EXERCISE DATA —

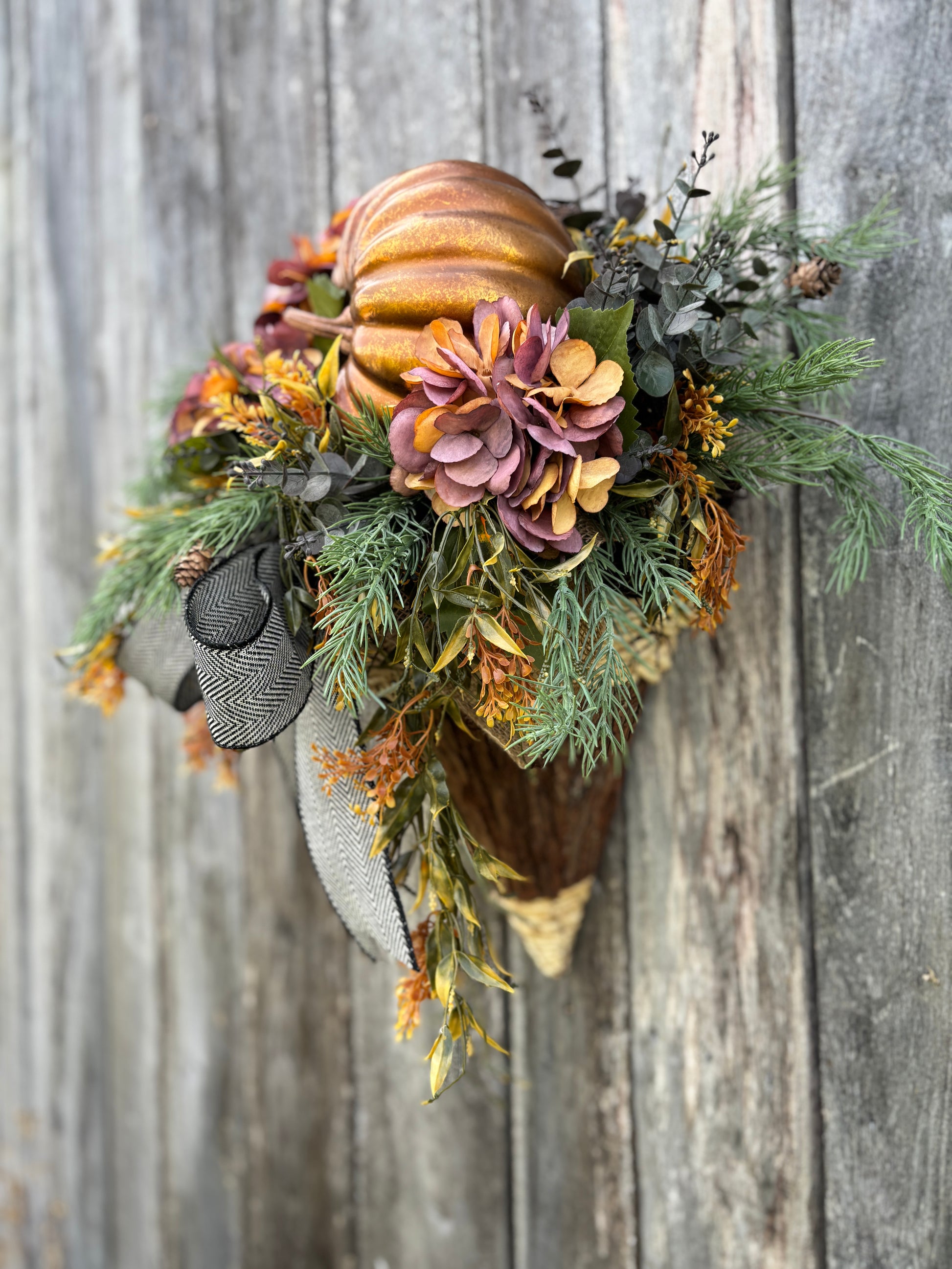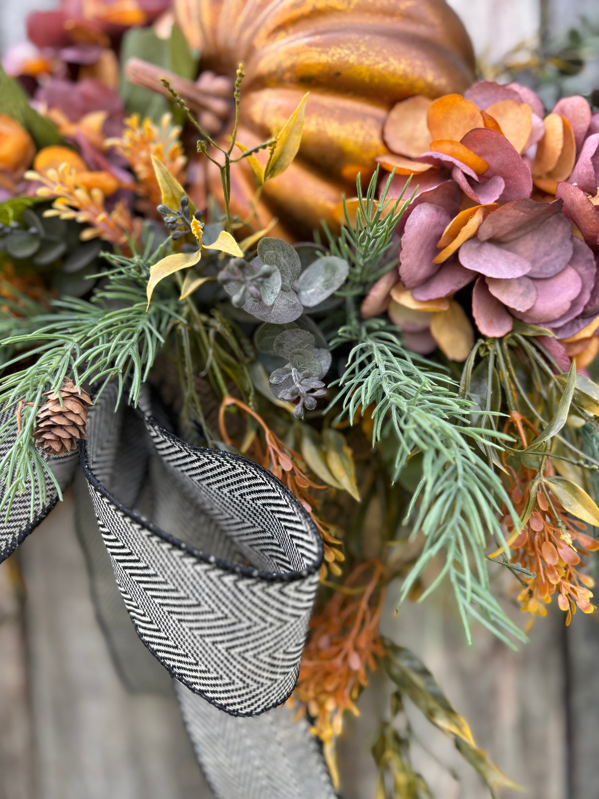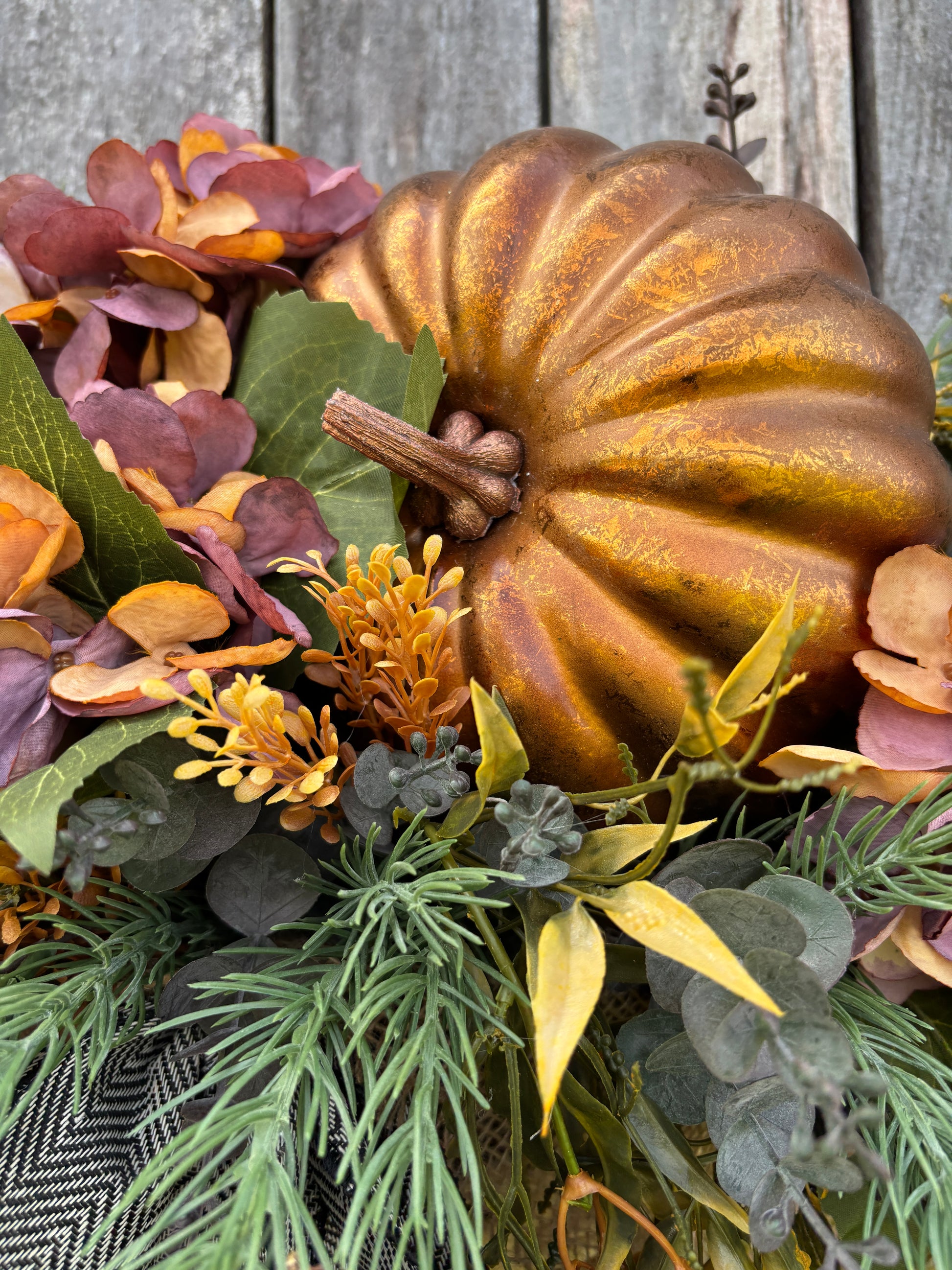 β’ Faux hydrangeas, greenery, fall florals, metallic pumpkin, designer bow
==
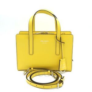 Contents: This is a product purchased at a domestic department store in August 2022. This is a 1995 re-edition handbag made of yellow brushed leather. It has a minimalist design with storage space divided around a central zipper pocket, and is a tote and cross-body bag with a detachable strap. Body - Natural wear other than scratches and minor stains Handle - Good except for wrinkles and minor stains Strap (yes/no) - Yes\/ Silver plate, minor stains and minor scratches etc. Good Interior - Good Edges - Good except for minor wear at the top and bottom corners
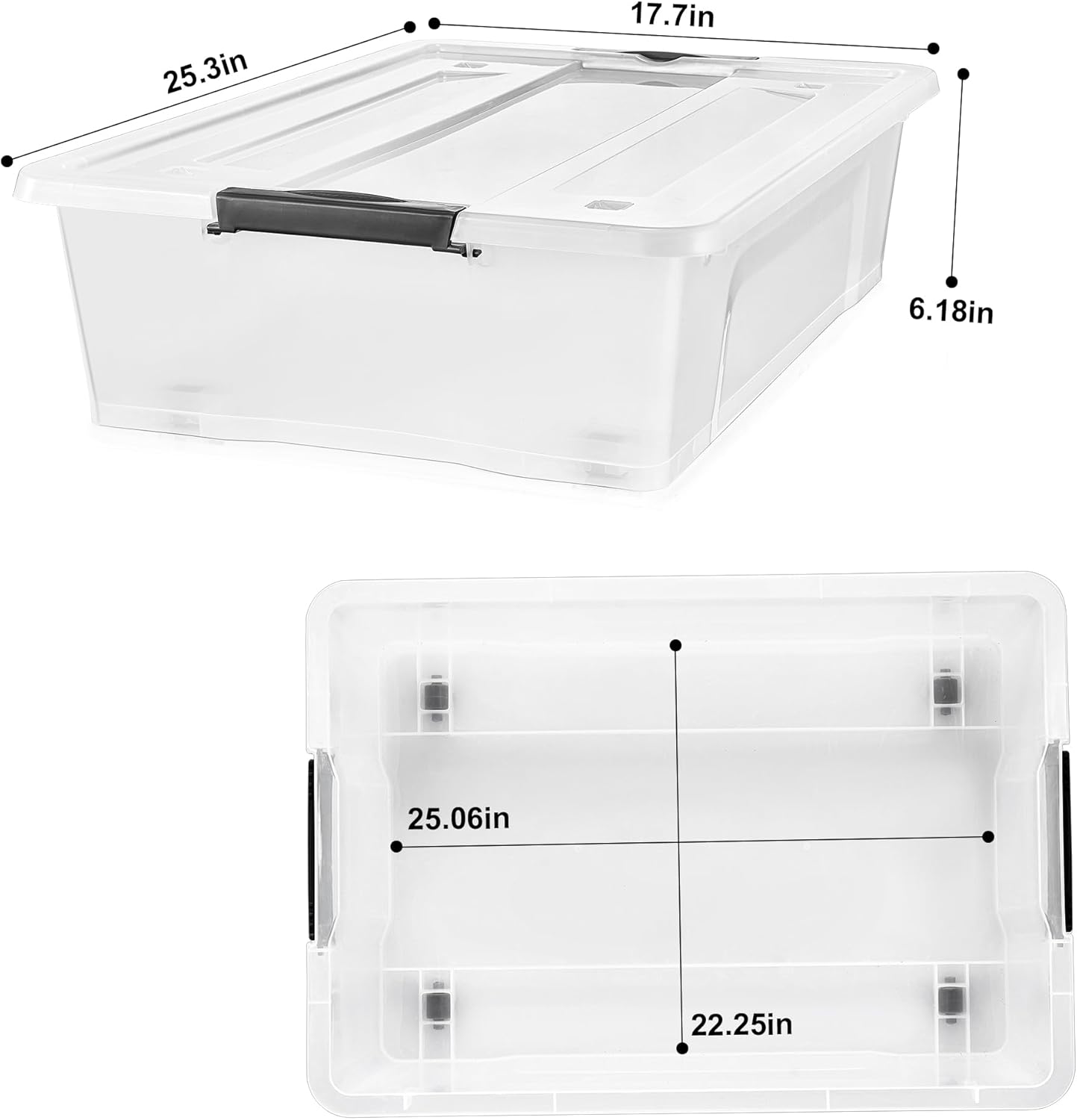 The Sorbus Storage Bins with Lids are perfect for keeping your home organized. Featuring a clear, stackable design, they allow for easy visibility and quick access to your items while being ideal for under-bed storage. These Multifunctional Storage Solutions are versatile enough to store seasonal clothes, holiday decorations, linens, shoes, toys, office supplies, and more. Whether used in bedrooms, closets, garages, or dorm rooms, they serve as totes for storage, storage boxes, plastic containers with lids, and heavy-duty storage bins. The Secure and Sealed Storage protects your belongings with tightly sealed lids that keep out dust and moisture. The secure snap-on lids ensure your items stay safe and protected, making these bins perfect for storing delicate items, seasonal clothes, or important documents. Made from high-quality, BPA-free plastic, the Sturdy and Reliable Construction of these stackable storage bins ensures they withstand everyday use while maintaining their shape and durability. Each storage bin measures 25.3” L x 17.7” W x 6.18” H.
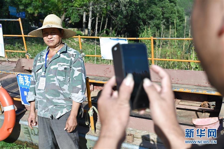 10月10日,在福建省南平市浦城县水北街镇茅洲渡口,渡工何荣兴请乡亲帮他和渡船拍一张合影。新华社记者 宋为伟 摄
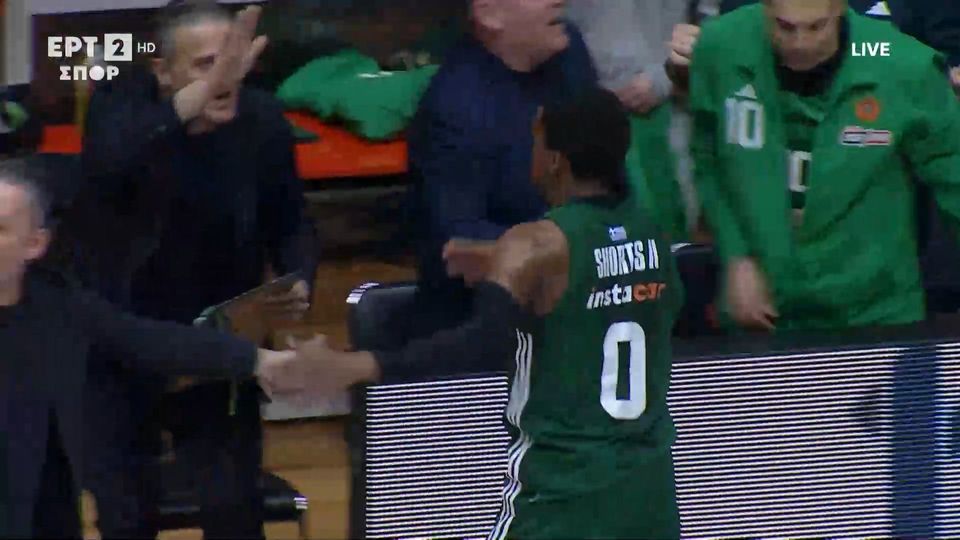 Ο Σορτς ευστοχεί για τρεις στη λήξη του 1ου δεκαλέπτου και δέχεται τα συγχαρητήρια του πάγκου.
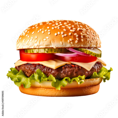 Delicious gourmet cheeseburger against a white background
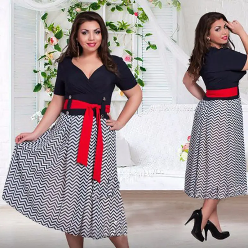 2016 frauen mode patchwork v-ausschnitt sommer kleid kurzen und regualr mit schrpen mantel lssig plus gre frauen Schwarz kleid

WORK TASK —
When copying from the data above, begin at the line containing "The Sorbus Storage" and end at the line containing "2016 frauen mode"; return those lines exactly and leave all pictures behind.

PROBLEM SOLUTION —
 The Sorbus Storage Bins with Lids are perfect for keeping your home organized. Featuring a clear, stackable design, they allow for easy visibility and quick access to your items while being ideal for under-bed storage. These Multifunctional Storage Solutions are versatile enough to store seasonal clothes, holiday decorations, linens, shoes, toys, office supplies, and more. Whether used in bedrooms, closets, garages, or dorm rooms, they serve as totes for storage, storage boxes, plastic containers with lids, and heavy-duty storage bins. The Secure and Sealed Storage protects your belongings with tightly sealed lids that keep out dust and moisture. The secure snap-on lids ensure your items stay safe and protected, making these bins perfect for storing delicate items, seasonal clothes, or important documents. Made from high-quality, BPA-free plastic, the Sturdy and Reliable Construction of these stackable storage bins ensures they withstand everyday use while maintaining their shape and durability. Each storage bin measures 25.3” L x 17.7” W x 6.18” H.
 10月10日,在福建省南平市浦城县水北街镇茅洲渡口,渡工何荣兴请乡亲帮他和渡船拍一张合影。新华社记者 宋为伟 摄
 Ο Σορτς ευστοχεί για τρεις στη λήξη του 1ου δεκαλέπτου και δέχεται τα συγχαρητήρια του πάγκου.
 Delicious gourmet cheeseburger against a white background
 2016 frauen mode patchwork v-ausschnitt sommer kleid kurzen und regualr mit schrpen mantel lssig plus gre frauen Schwarz kleid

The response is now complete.